• [Task instructions]: Please retype the records below exactly, omitting any images.

*** Opening Task inputs ***

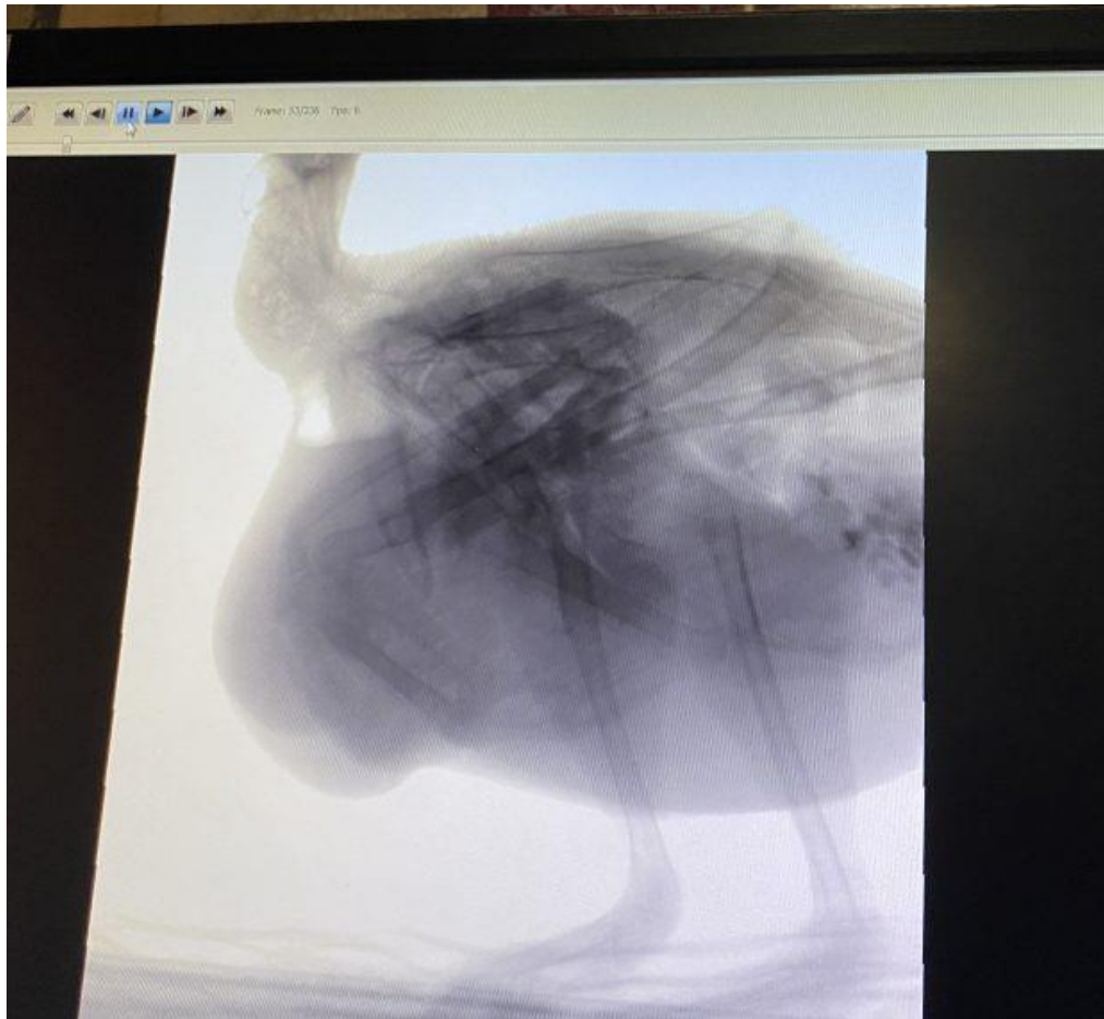
Willy's fluoroscopy shows the big crop but not why

He is still wonky. He naps a lot, is still a little wobbly, sometimes circling. He's recently started fly-launching down but he can't yet fly up successfully. He likes taking wonky baths, hanging out with gentle birds & sitting in the sun spot which he follows all day. He's finished a long course of antibiotics (Trimethoprim Sulfamethoxazole) & is halfway through four weeks of Robenacoxib injections (anti-inflammatory). He's still fostering with me & he likes to be close.
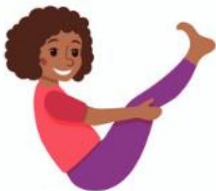
The Boat Pose
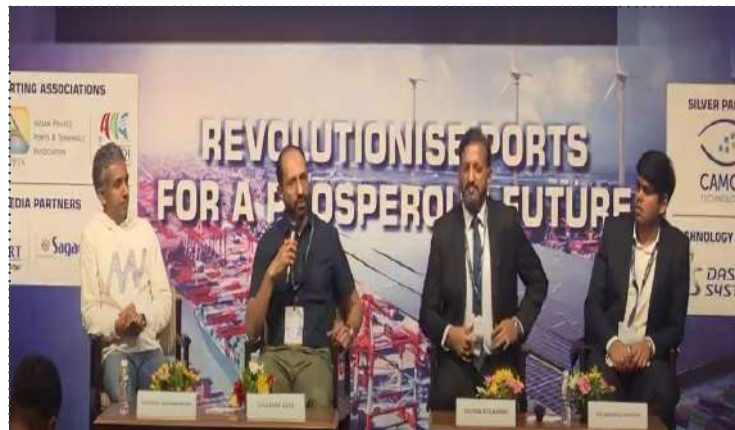
Day 2 Session 5 Panel Discussion-Coastal Shipping & Inland Waterways, Green Fuel & National Green Corridors
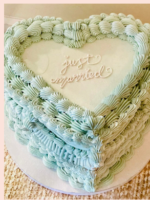
Buttercream Heart Cake 8 inch $145
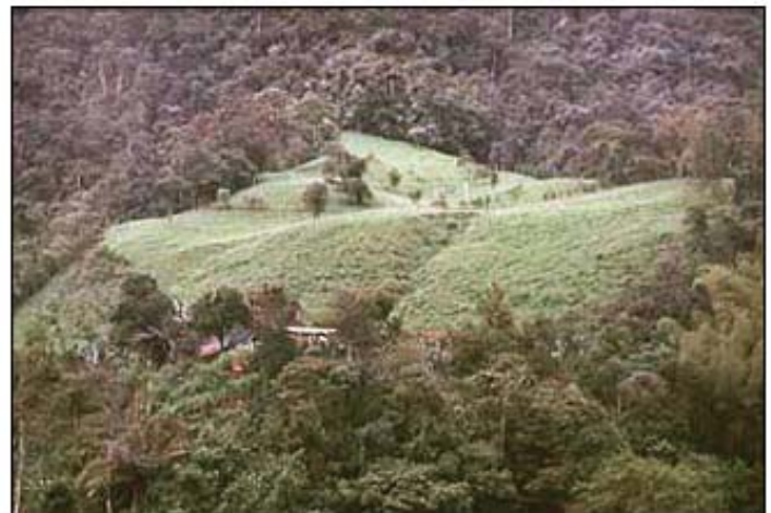
Fig. 3 Small clearing in primary tropical rainforest

These are some of the most hotly debated environmental questions today, leading to international conventions like the United Nations Convention on Biodiversity at the Rio de Janeiro “Earth Summit” in 1992.

*** Closing Task inputs ***

• [Solution to the problem]:
Willy's fluoroscopy shows the big crop but not why

He is still wonky. He naps a lot, is still a little wobbly, sometimes circling. He's recently started fly-launching down but he can't yet fly up successfully. He likes taking wonky baths, hanging out with gentle birds & sitting in the sun spot which he follows all day. He's finished a long course of antibiotics (Trimethoprim Sulfamethoxazole) & is halfway through four weeks of Robenacoxib injections (anti-inflammatory). He's still fostering with me & he likes to be close.
The Boat Pose
Day 2 Session 5 Panel Discussion-Coastal Shipping & Inland Waterways, Green Fuel & National Green Corridors
Buttercream Heart Cake 8 inch $145
Fig. 3 Small clearing in primary tropical rainforest

These are some of the most hotly debated environmental questions today, leading to international conventions like the United Nations Convention on Biodiversity at the Rio de Janeiro “Earth Summit” in 1992.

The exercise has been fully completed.